Toxic damages in fetuses and newborns rank highly in perinatal pathology structure, though their true importance is not understood thoroughly. Among toxic encephalopathies of newborns the accent should be given to the conditions caused by administration of medicines by a pregnant woman. The use of medicines, especially neurotropic, during pregnancy is often forced. The widespread prevalence of epilepsy in women of reproductive age leads, in certain cases, to anticonvulsants administration during pregnancy. The dominance of valproic acid in epilepsy treatment in recent decades requires studying its teratogenic effect in newborns fetal valproate syndrome. The fetal valproate syndrome has casuistic nature and polymorphic phenomenology.
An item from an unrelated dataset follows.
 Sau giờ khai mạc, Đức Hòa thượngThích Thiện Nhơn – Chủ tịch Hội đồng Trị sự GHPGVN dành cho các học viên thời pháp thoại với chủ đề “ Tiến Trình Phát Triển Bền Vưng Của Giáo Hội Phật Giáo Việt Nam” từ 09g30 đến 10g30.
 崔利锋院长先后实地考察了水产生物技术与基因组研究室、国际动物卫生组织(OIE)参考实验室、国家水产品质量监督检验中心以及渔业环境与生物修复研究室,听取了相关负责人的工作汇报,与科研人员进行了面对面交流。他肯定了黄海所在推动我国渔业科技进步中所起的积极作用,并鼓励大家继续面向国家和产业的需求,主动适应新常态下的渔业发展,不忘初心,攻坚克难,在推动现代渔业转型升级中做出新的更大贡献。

 The clinical case study is presented of a newborn with fetal valproate syndrome (born to a mother who took valproic acid in dose 14 mg/kg per day or 750 mg per day while pregnant, due to Janz syndrome), confirmed by valproic acid presence in the blood of a newborn (47.36 mol/l), with the main clinical manifestation of incomplete cleft palate (hard and soft) without other typical disturbances.
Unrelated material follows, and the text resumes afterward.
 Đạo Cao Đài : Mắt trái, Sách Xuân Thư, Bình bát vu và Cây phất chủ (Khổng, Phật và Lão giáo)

 Most anticonvulsants have a teratogenic effect, and may cause malformations and toxic encephalopathies in fetus and newborns. The similarity of clinical manifestations of intrauterine exposure to various anticonvulsants is associated with the presence of common metabolic links (epoxy and dihydrodiol derivatives of phenytoin, phenobarbital and carbamazepine). In spite of similarity of some teratogenic effect mechanisms, the anticonvulsants nature introduces specific clinical manifestations of these disorders.